> _Dataset extract_
-- Opening Marker --
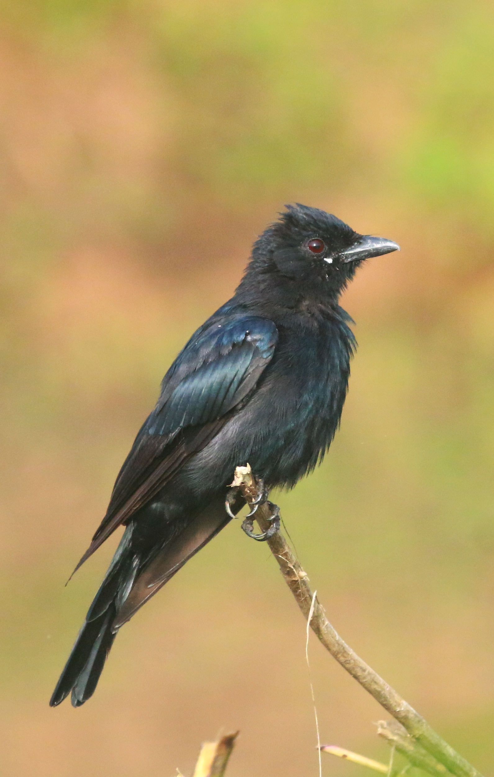 Black drongo juvenile
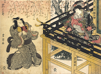 Sangorō Arashi III as Tadanobu, Dannosuke Ichikawa III as Shizuka, in “Yoshitsune Senbon Zakura” by Toyokuni Utagawa
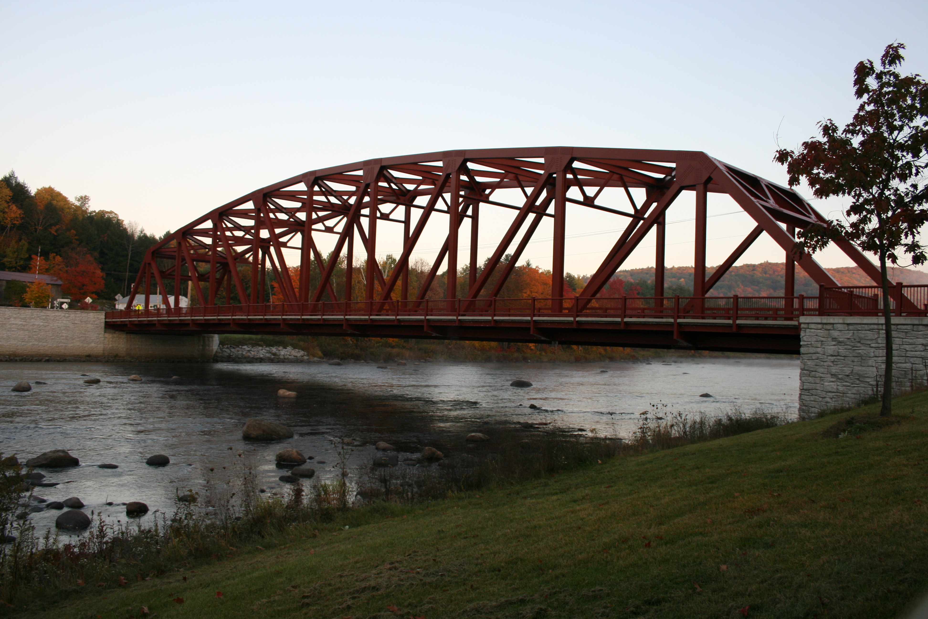 A view of the Riparius Bridge over the Hudson River as viewed from the south on the eastern shore.
-- Closing Marker --
> _Assigned task_
Write out the data above in full and exactly, but not the pictures.

> _Output_
 Black drongo juvenile
 Sangorō Arashi III as Tadanobu, Dannosuke Ichikawa III as Shizuka, in “Yoshitsune Senbon Zakura” by Toyokuni Utagawa
 A view of the Riparius Bridge over the Hudson River as viewed from the south on the eastern shore.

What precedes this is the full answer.